Please reproduce all of the data exactly as it appears, but skip the pictures.

*** ENTRIES SHOWN

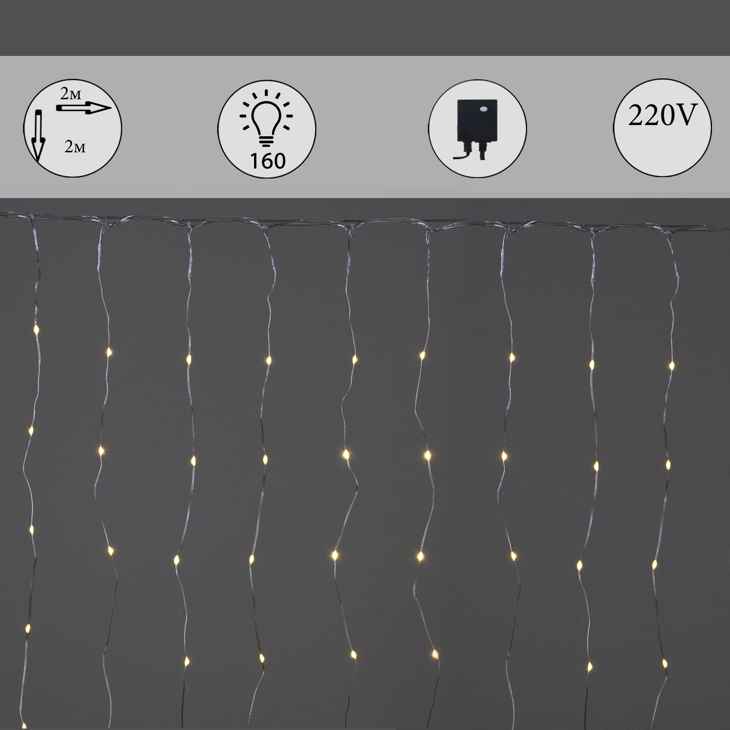 A-963 WW светодиодный занавес 2х2м, 160 LED «Капля», прозрачный шлейф, с контроллером
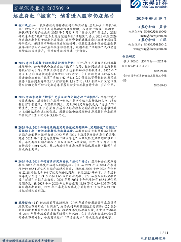 【东吴证券】【202509】起底存款“搬家”:储蓄进入股市仍在起步-14页 证券期货研究报告
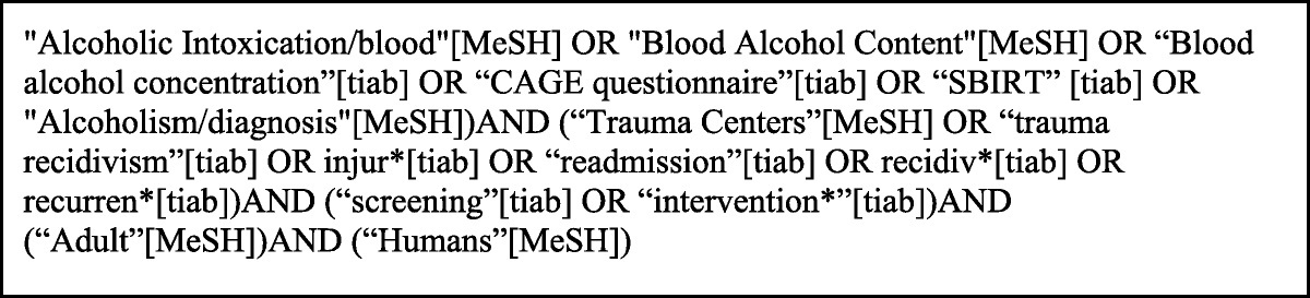 A research librarian aided our systematic search of PubMed, MEDLINE, and the Cochrane Library. After preliminary queries, we chose to apply the following Medical Subject Headings (MeSH) terms: alcoholic intoxication/blood, blood alcohol content, alcoholism/diagnosis, trauma centers, adult, and humans, along with the following title and abstract terms: blood alcohol concentration, CAGE questionnaire, SBIRT, trauma recidivism, injury/injuries, readmission, recidivism/recidivist, recurrent/recurrences, screening, and intervention. Figure 1 contains the string used for the initial search. This systematic search was completed in October 2018. In addition to the electronic search, manual review of bibliographies of articles was led by the lead author (L.M.K.). Four additional studies were identified for inclusion in November 2018 after manual review. In total, 148 abstracts, published between 1986 and 2017, were identified for review.
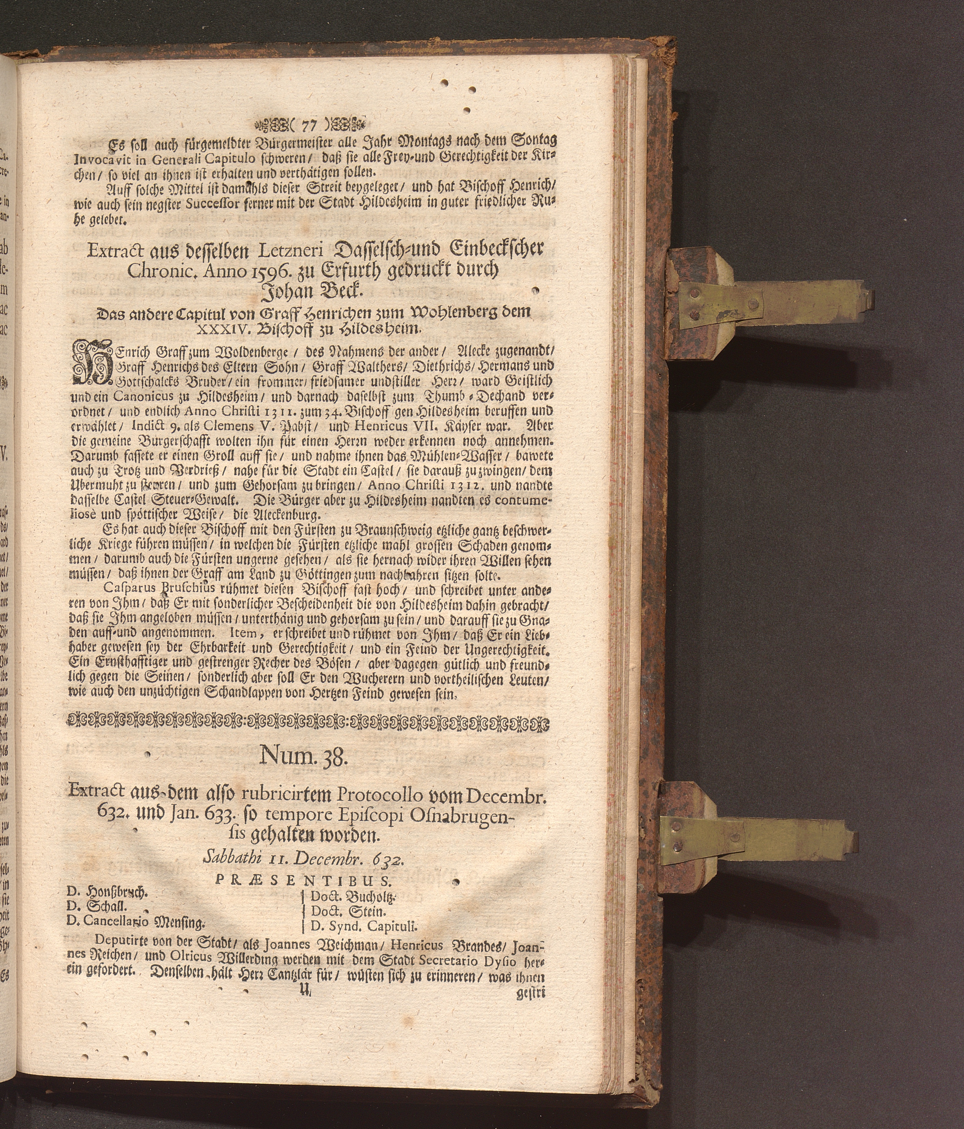 Speculum Veritatis Et Justitiæ: Repræsentans Pacem & Æquitatem Principis, Veritatem Facti, Et Juris Evidentiam Oppositum Caliginosæ Lampadi, Tribus Braxatoriæ Hildesiensis Pro Principe, Capitulo Cathedrali, Clero, Equestri Ordine, Urbibus, Patria, Populoque Hildesiensi Contra Monopolium Palliatum, Aviditatem Velatam, Miseriam Fucatam, Libertatem Naturalem Restrictam, Ingratitudinem Publicam Braxatorum Hildesiensium. Das ist Spiegel Der Warheit und Gerechtigkeit/ und Schutz der Natürlichen Freyheit Wider Den bemäntelten Eigennutz/ erdichtete Armuht/ offenbahre Undanckbarkeit/ und im gantzen Stifft angemastes alleiniges Braw Commercium der also genandten Brawer-Gilde zu Hildesheim. Verthätiget Für den Lands-Fürsten ...
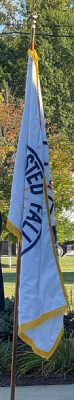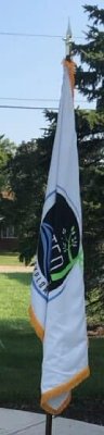 Hello. There are two flags of Olmsted Falls that I found. The first one is a white background with the logo of Olmsted Falls in the middle. The second one is also a white background but this time it has a seal of Olmsted Falls.

******

-- ANSWER TO THIS EXERCISE --
 A-963 WW светодиодный занавес 2х2м, 160 LED «Капля», прозрачный шлейф, с контроллером
 【东吴证券】【202509】起底存款“搬家”:储蓄进入股市仍在起步-14页 证券期货研究报告
 A research librarian aided our systematic search of PubMed, MEDLINE, and the Cochrane Library. After preliminary queries, we chose to apply the following Medical Subject Headings (MeSH) terms: alcoholic intoxication/blood, blood alcohol content, alcoholism/diagnosis, trauma centers, adult, and humans, along with the following title and abstract terms: blood alcohol concentration, CAGE questionnaire, SBIRT, trauma recidivism, injury/injuries, readmission, recidivism/recidivist, recurrent/recurrences, screening, and intervention. Figure 1 contains the string used for the initial search. This systematic search was completed in October 2018. In addition to the electronic search, manual review of bibliographies of articles was led by the lead author (L.M.K.). Four additional studies were identified for inclusion in November 2018 after manual review. In total, 148 abstracts, published between 1986 and 2017, were identified for review.
 Speculum Veritatis Et Justitiæ: Repræsentans Pacem & Æquitatem Principis, Veritatem Facti, Et Juris Evidentiam Oppositum Caliginosæ Lampadi, Tribus Braxatoriæ Hildesiensis Pro Principe, Capitulo Cathedrali, Clero, Equestri Ordine, Urbibus, Patria, Populoque Hildesiensi Contra Monopolium Palliatum, Aviditatem Velatam, Miseriam Fucatam, Libertatem Naturalem Restrictam, Ingratitudinem Publicam Braxatorum Hildesiensium. Das ist Spiegel Der Warheit und Gerechtigkeit/ und Schutz der Natürlichen Freyheit Wider Den bemäntelten Eigennutz/ erdichtete Armuht/ offenbahre Undanckbarkeit/ und im gantzen Stifft angemastes alleiniges Braw Commercium der also genandten Brawer-Gilde zu Hildesheim. Verthätiget Für den Lands-Fürsten ...
 Hello. There are two flags of Olmsted Falls that I found. The first one is a white background with the logo of Olmsted Falls in the middle. The second one is also a white background but this time it has a seal of Olmsted Falls.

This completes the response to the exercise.